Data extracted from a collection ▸
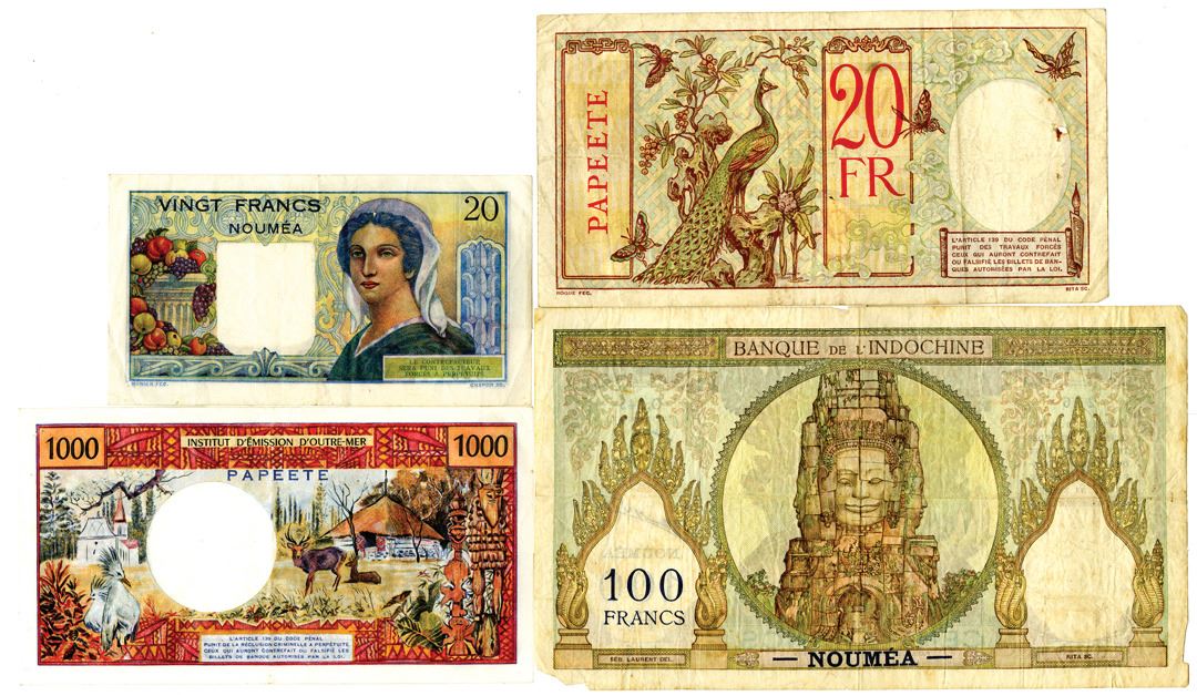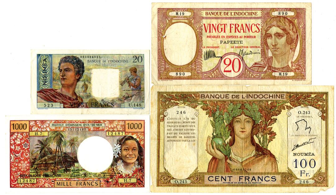 Tahiti.... Banque de L'Indochine 20 Francs, ND(1951-63), P-21c; 20 Francs, ND(1928); P-12b; 100 Francs, ND(1939-65); P-14d; Institut d'Emission d'Oure-Mer 1000 Francs, ND(1971-85), P-27d. Notes range from VF-XF condition. (4).
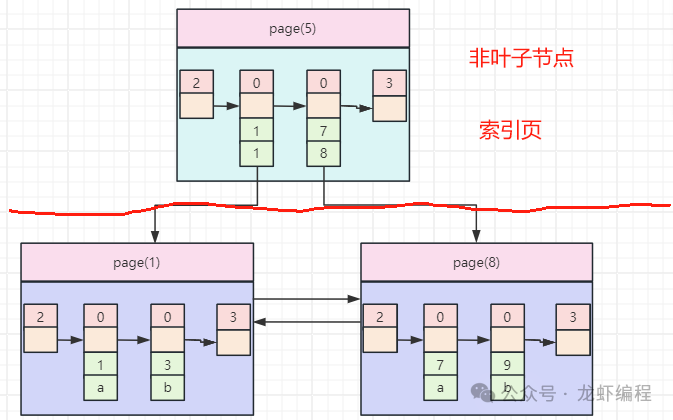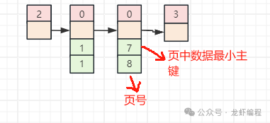 在索引页中存储的数据是叶子节点中数据的主键和数据页号,如下所示的索引页存储的数据:
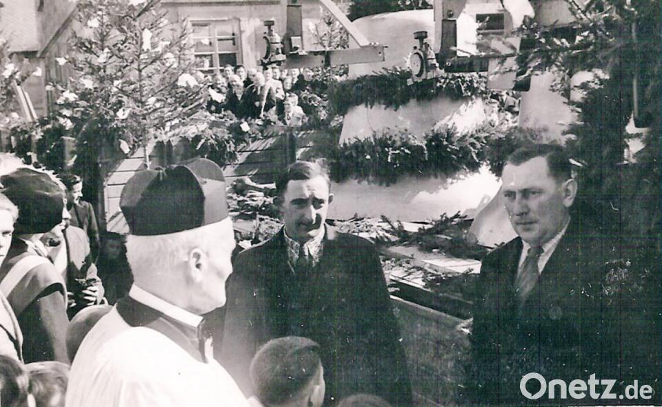 Die Weihe selbst wurde mit einem Musikstück eröffnet. Ein Mädchen der Volksschule trug einen Prolog vor, ehe Pfarrer Josef Bollmann das Wort ergriff. Der Geistliche wandte sich mit eindrucksvollen Worten an die Pfarrgemeinde. Unter dem Leitsatz "Gott zur Ehr, dem Ungläubigen zur Wehr, dem Gläubigen zur Lehr," sollen sie Glocken des Friedens sein und bleiben und nicht mehr zum Kampfe rufen. Jedem einzelnen sollen sie ein Begleiter von der Wiege bis zur Bahre, in frohen und leidvollen Stunden sein. Im Auftrag des Bischofs nahm er die feierliche kirchliche Weihe vor. Während des Aktes sang der Kirchenchor ein Lied.
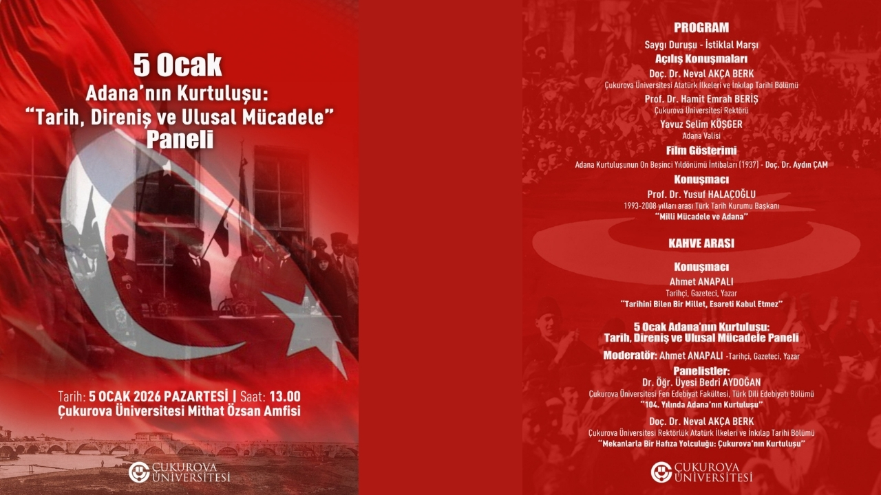 Çukurova Üniversitesi, Adana’nın düşman işgalinden kurtuluşunun 104. yıl dönümü kapsamında, “5 Ocak Adana’nın Kurtuluşu: Tarih, Direniş ve Ulusal Mücadele” başlıklı panele ev sahipliği yapacak.
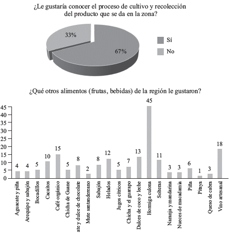 En las dos últimas preguntas de la encuesta se quiso indagar acerca de cuál otro alimento (bebida, frutos, dulces) de la región les gustó. Aquí la respuesta más numerosa la obtuvo la "hormiga culona" (45), otro producto de gran reconocimiento de la identidad del santandereano. En cuanto a los productos que serían integrados a la ruta, los encuestados también nombraron en sus respuestas varios de ellos. Obviamente, estas respuestas fueron dadas por visitantes encuestados en el lugar de producción de estos alimentos. Así, se tiene que el vino artesanal de Zapatoca fue mencionado por 18 personas como ese otro alimento o bebida que más les gustó de la región; el Café Orgánico Mesa de los Santos obtuvo 15 señalamientos; los helados de Villanueva fueron nombrados por 12 personas; y la chicha de Guane fue el otro alimento que les gustó a 5 visitantes.
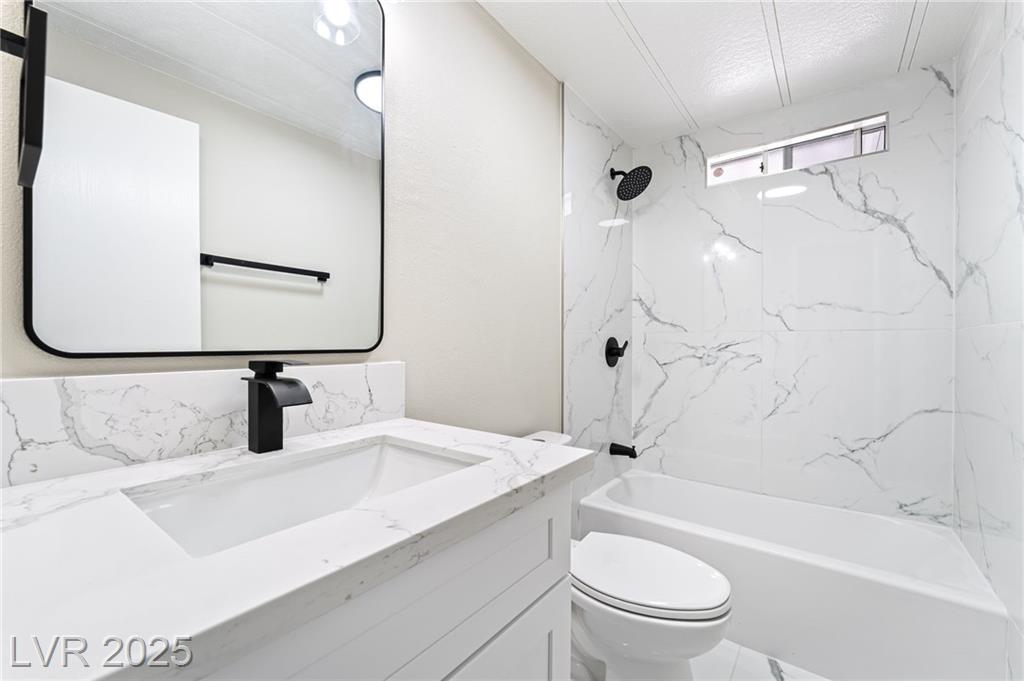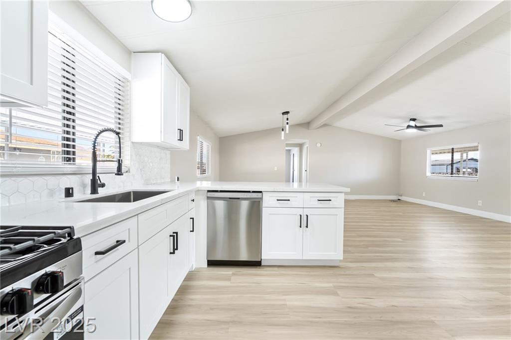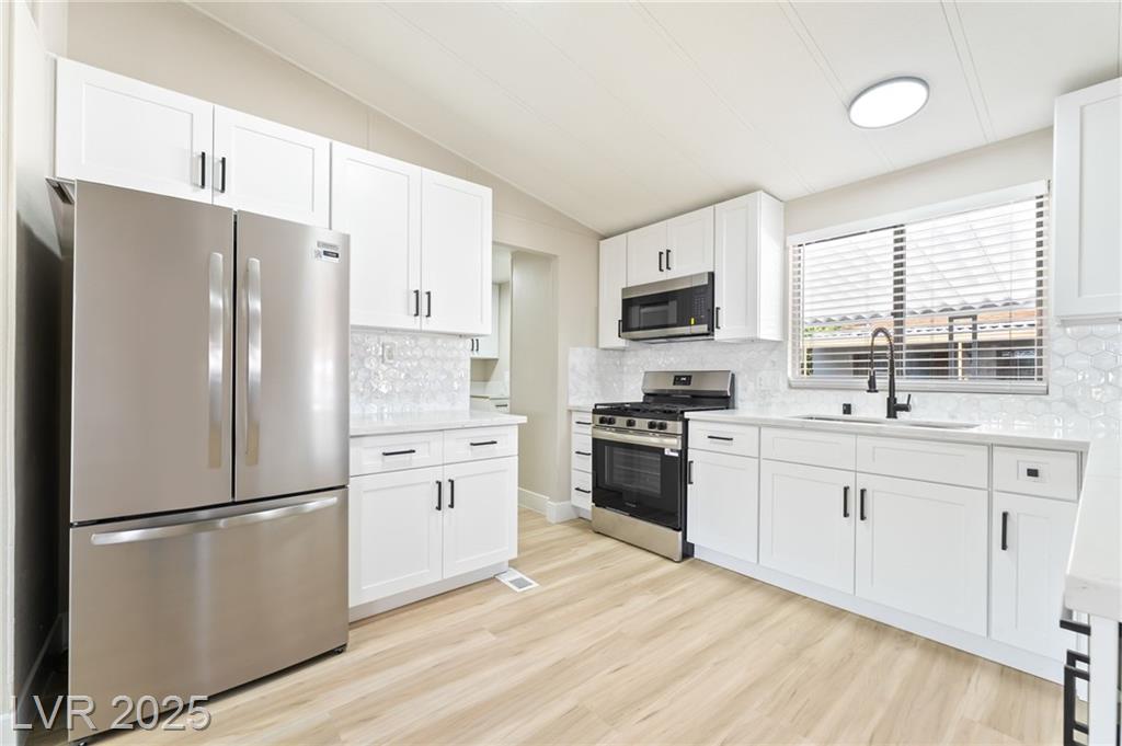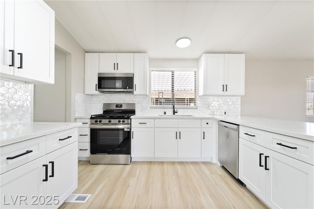STUNNING FULLY RENOVATED HOME WITH NO LAND LEASE. No expense spared! 3 remodeled Bedrooms, 2 newly remodeled bathrooms  with new custom tile, new cabinets, mosaic designs, and quartz countertops. Open floor plan with Family room. NEW ROOF. Kitchen and bathrooms all have beautiful Luxury Vinyl Plank, new tile in bathrooms, new carpet in bedrooms and new baseboards Throughout. Freshly painted inside and out. Open kitchen to the family room with New STAINLESS STEEL STOVE, DISHWASHER, MICROWAVE AND REFRIGERATOR!  Home is in DESERT INN MOBILE ESTATES TRACT 1 and there is no age restriction. This property is one of a kind and will not last long!! FHA eligible 10/22/25
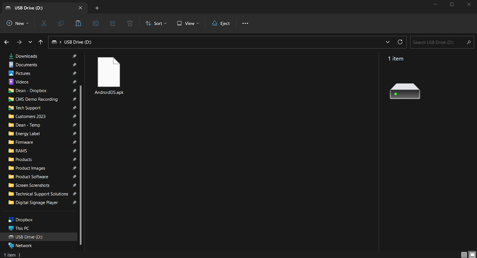 - Dispositivo de almacenamiento externo USB que contiene el APK de NowSignage
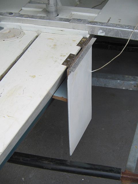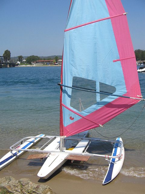 The hull of the DORYTRI was the centrehull of my WRC 6800 mm catamaran. It is a truncated-Dory as it has a transom stern instead of the chisel-shape stern of a Dory. The two outrigger hulls were produced from a Crit 370 fibreglass/foam sailboard by sawing along its fore-and aft-centreline. They are connected to the hull by cross-arm arrangements designed to facilitate investigation of the interaction between the outriggers and hull. Lateral resistance for the DORYTRI is provided by two leeboards which are shown in Photos 2-4 fastened in their up-position. For sailing they are dropped and are free to move in accordance with water forces, or positioned manually - as shown in Photo 5. The leeboards are attached to the hull to provide about 6 degrees angle-of-attack. My decision to use leeboards followed reading pages 52-53 of Joseph Norwood's book High Speed Sailing.
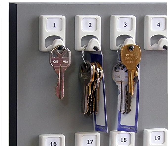 Fully assembled keystand with 50 numbered hooks, hung on single key, key set or both on each hook (labels with other numbers or blank are available for free; please send your requested labels with your mailing address).
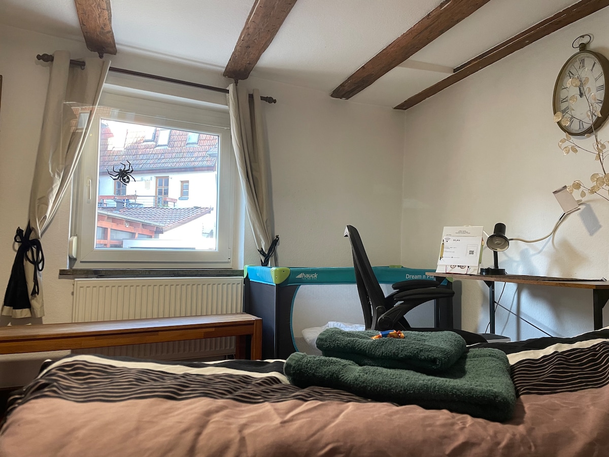 Komplett renovierte 2 1/2 Zimmer Ferienwohnung mit geschmackvoller Einrichtung. Neue Möbel, Küche mit allem, was zum Kochen und Backen benötigt. Tageslichtbad mit der Dusche , Pflegeprodukte (Duschgel und Shampoo). Schlafzimmer mit Hochwertigem Doppel-Boxspringbett, Spiegelschrank . Schlafsofa für weitere Gäste .Erleben Sie die Schönheiten der Landschaft um Langenburg herum und genießen Sie die Ruhe in den Wäldern und auf den Feldern-nicht nur beim Blick aus einem Fenster Ihre Ferienwohnung
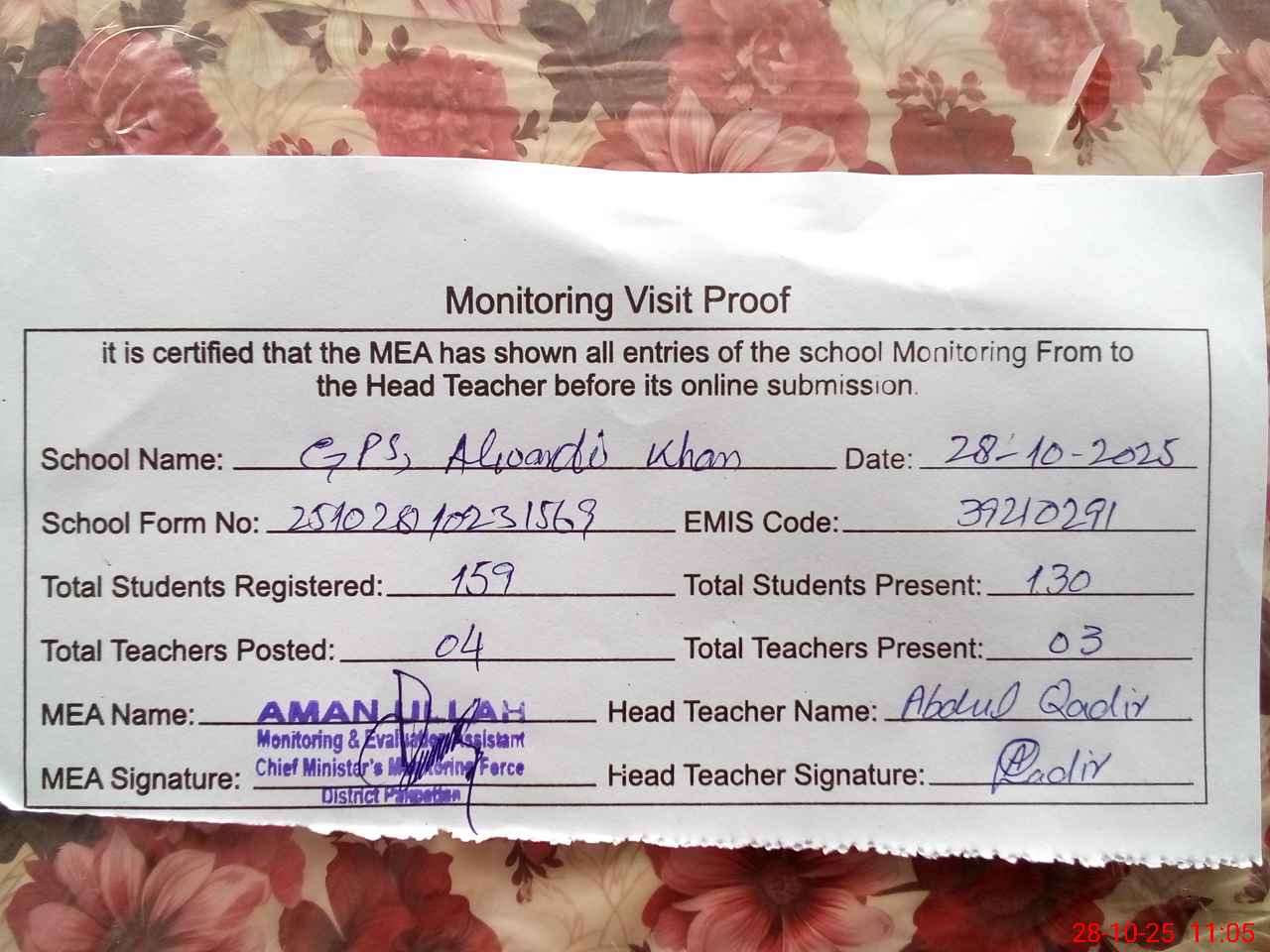 | EMIS Code: 39210291 | Name of School: GPS ALWARDI KHAN | |||
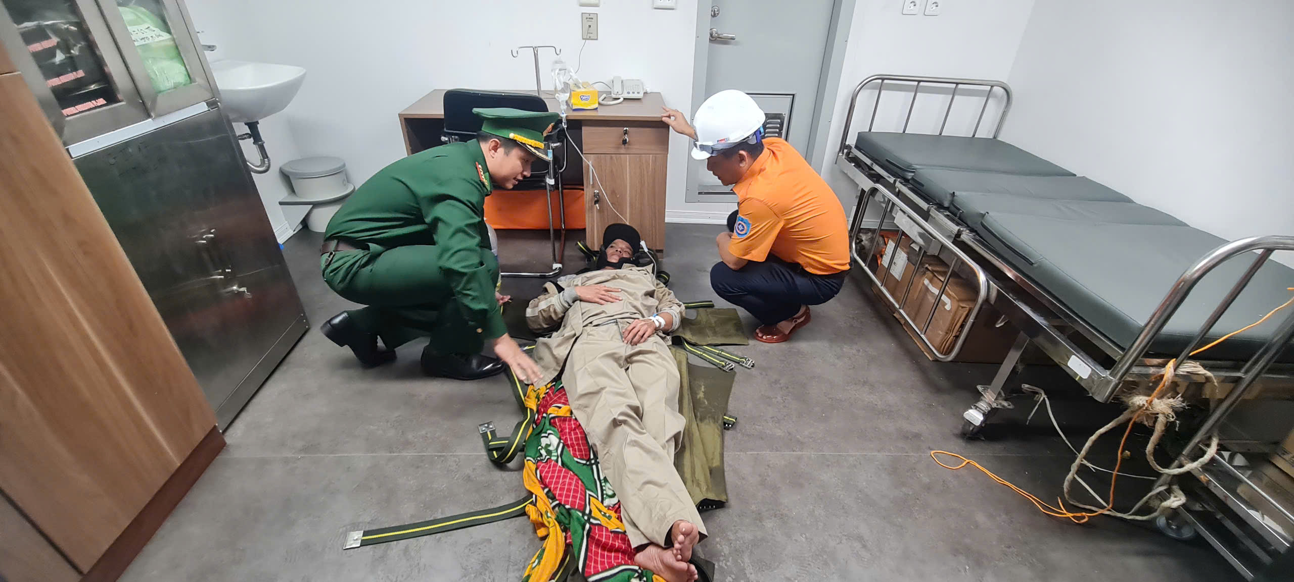 Bệnh nhân được chuyển đến Buồng y tế trên tàu SAR 631 để sơ cấp cứu

Problem ▸
Please write out all the entries above exactly, but leave out the pictures.

Output of the exercise ▸
 Tahiti.... Banque de L'Indochine 20 Francs, ND(1951-63), P-21c; 20 Francs, ND(1928); P-12b; 100 Francs, ND(1939-65); P-14d; Institut d'Emission d'Oure-Mer 1000 Francs, ND(1971-85), P-27d. Notes range from VF-XF condition. (4).
 在索引页中存储的数据是叶子节点中数据的主键和数据页号,如下所示的索引页存储的数据:
 Die Weihe selbst wurde mit einem Musikstück eröffnet. Ein Mädchen der Volksschule trug einen Prolog vor, ehe Pfarrer Josef Bollmann das Wort ergriff. Der Geistliche wandte sich mit eindrucksvollen Worten an die Pfarrgemeinde. Unter dem Leitsatz "Gott zur Ehr, dem Ungläubigen zur Wehr, dem Gläubigen zur Lehr," sollen sie Glocken des Friedens sein und bleiben und nicht mehr zum Kampfe rufen. Jedem einzelnen sollen sie ein Begleiter von der Wiege bis zur Bahre, in frohen und leidvollen Stunden sein. Im Auftrag des Bischofs nahm er die feierliche kirchliche Weihe vor. Während des Aktes sang der Kirchenchor ein Lied.
 Çukurova Üniversitesi, Adana’nın düşman işgalinden kurtuluşunun 104. yıl dönümü kapsamında, “5 Ocak Adana’nın Kurtuluşu: Tarih, Direniş ve Ulusal Mücadele” başlıklı panele ev sahipliği yapacak.
 En las dos últimas preguntas de la encuesta se quiso indagar acerca de cuál otro alimento (bebida, frutos, dulces) de la región les gustó. Aquí la respuesta más numerosa la obtuvo la "hormiga culona" (45), otro producto de gran reconocimiento de la identidad del santandereano. En cuanto a los productos que serían integrados a la ruta, los encuestados también nombraron en sus respuestas varios de ellos. Obviamente, estas respuestas fueron dadas por visitantes encuestados en el lugar de producción de estos alimentos. Así, se tiene que el vino artesanal de Zapatoca fue mencionado por 18 personas como ese otro alimento o bebida que más les gustó de la región; el Café Orgánico Mesa de los Santos obtuvo 15 señalamientos; los helados de Villanueva fueron nombrados por 12 personas; y la chicha de Guane fue el otro alimento que les gustó a 5 visitantes.
STUNNING FULLY RENOVATED HOME WITH NO LAND LEASE. No expense spared! 3 remodeled Bedrooms, 2 newly remodeled bathrooms  with new custom tile, new cabinets, mosaic designs, and quartz countertops. Open floor plan with Family room. NEW ROOF. Kitchen and bathrooms all have beautiful Luxury Vinyl Plank, new tile in bathrooms, new carpet in bedrooms and new baseboards Throughout. Freshly painted inside and out. Open kitchen to the family room with New STAINLESS STEEL STOVE, DISHWASHER, MICROWAVE AND REFRIGERATOR!  Home is in DESERT INN MOBILE ESTATES TRACT 1 and there is no age restriction. This property is one of a kind and will not last long!! FHA eligible 10/22/25
 - Dispositivo de almacenamiento externo USB que contiene el APK de NowSignage
 The hull of the DORYTRI was the centrehull of my WRC 6800 mm catamaran. It is a truncated-Dory as it has a transom stern instead of the chisel-shape stern of a Dory. The two outrigger hulls were produced from a Crit 370 fibreglass/foam sailboard by sawing along its fore-and aft-centreline. They are connected to the hull by cross-arm arrangements designed to facilitate investigation of the interaction between the outriggers and hull. Lateral resistance for the DORYTRI is provided by two leeboards which are shown in Photos 2-4 fastened in their up-position. For sailing they are dropped and are free to move in accordance with water forces, or positioned manually - as shown in Photo 5. The leeboards are attached to the hull to provide about 6 degrees angle-of-attack. My decision to use leeboards followed reading pages 52-53 of Joseph Norwood's book High Speed Sailing.
 Fully assembled keystand with 50 numbered hooks, hung on single key, key set or both on each hook (labels with other numbers or blank are available for free; please send your requested labels with your mailing address).
 Komplett renovierte 2 1/2 Zimmer Ferienwohnung mit geschmackvoller Einrichtung. Neue Möbel, Küche mit allem, was zum Kochen und Backen benötigt. Tageslichtbad mit der Dusche , Pflegeprodukte (Duschgel und Shampoo). Schlafzimmer mit Hochwertigem Doppel-Boxspringbett, Spiegelschrank . Schlafsofa für weitere Gäste .Erleben Sie die Schönheiten der Landschaft um Langenburg herum und genießen Sie die Ruhe in den Wäldern und auf den Feldern-nicht nur beim Blick aus einem Fenster Ihre Ferienwohnung
 | EMIS Code: 39210291 | Name of School: GPS ALWARDI KHAN | |||
 Bệnh nhân được chuyển đến Buồng y tế trên tàu SAR 631 để sơ cấp cứu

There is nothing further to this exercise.